OK, now that we’ve done using some of your husband’s patented sarcasm, you’ve got to accept that your husband will be sarcastic and the kids will have to learn how to deal with it.

On the other hand, you can help everyone take your husband’s style less personally if you begin by accepting it yourself. Yes, you may well feel worried and angry, but keep your feelings to yourself.

Your goal isn’t to express yourself, it’s to help your family manage your husband’s sarcasm. Instead of telling your husband to stop, decide when it’s necessary to speak up and have a response ready.

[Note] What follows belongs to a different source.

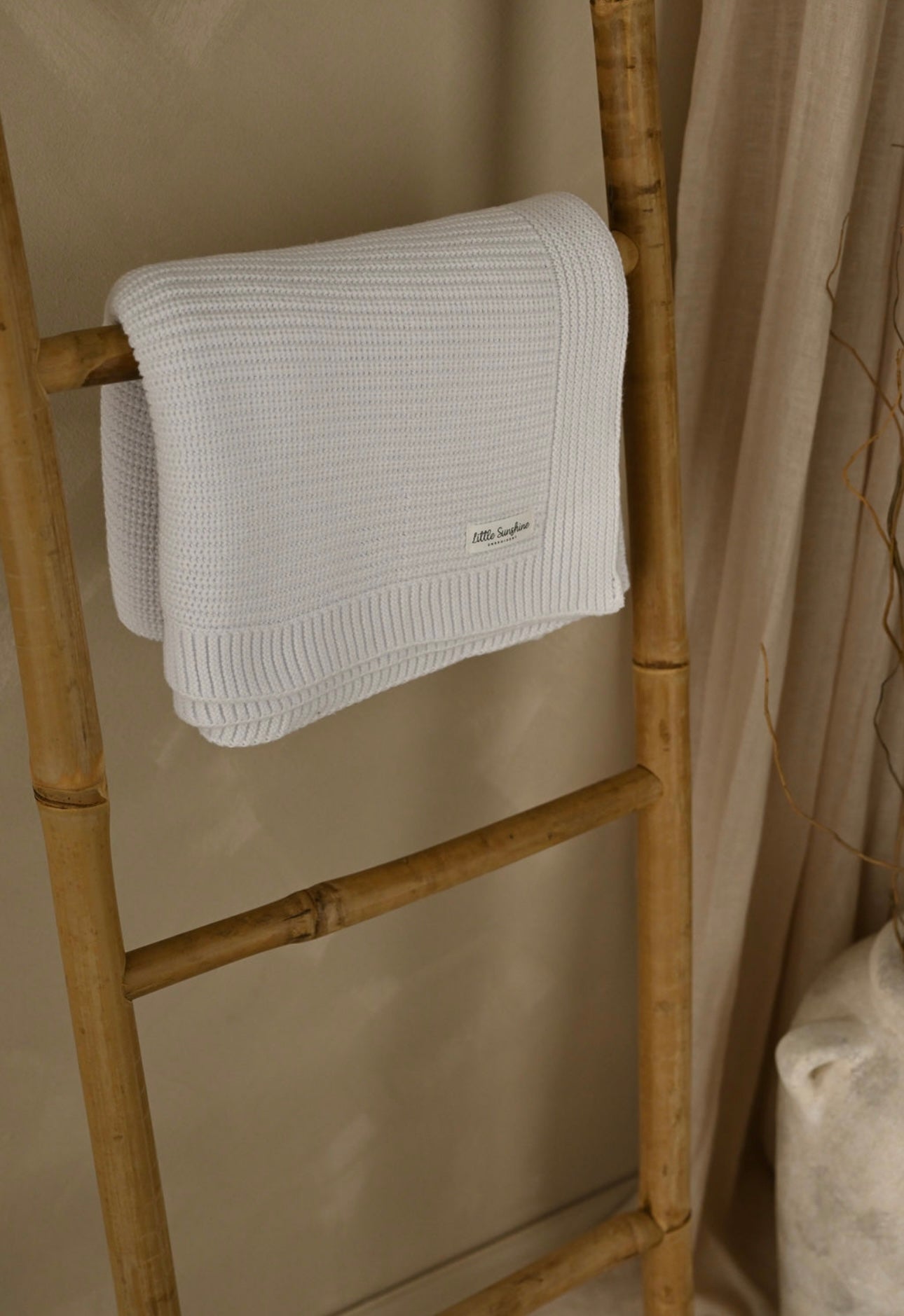 Snow white chunky knit personlised cotton baby blanket

For instance, step in if the kids seem upset and/or your husband has implied, intentionally or not, that they’ve been bad, stupid, or ludicrous. You can spoil his joke without implying that he’s bad, stupid, or ludicrous, just by telling him gently to make fun of the kids all he likes, but you think they’re being normal kids and there’s nothing wrong with that.

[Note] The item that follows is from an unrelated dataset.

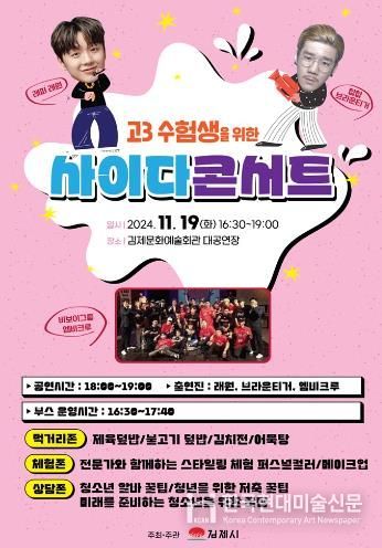 한국현대미술신문 강경숙 기자 | 김제시는 오는 19일 오후 4시 30분부터 문화예술회관 대공연장에서 “고3 수험생 및 청소년을 위한 사이다 콘서트”를 개최한다고 밝혔다.

Then everybody gets kisses, nobody’s feelings are hurt, and everyone lives happily ever after. Suuuuure.

STATEMENT:
Prepare a non-blaming response if he accuses you of undermining or humiliating him in front of the kids. “I enjoy your humor and think the kids will, too, as they grow older, but right now it sometimes hurts and mystifies them and gets a bad reaction, even when you’re trying to help them by pointing out something they need to know. When I think they’re too sensitive to take your meaning properly, I’ll urge them not to take your criticism personally, hoping it will help them separate the sting of your tone from the value of your ideas.”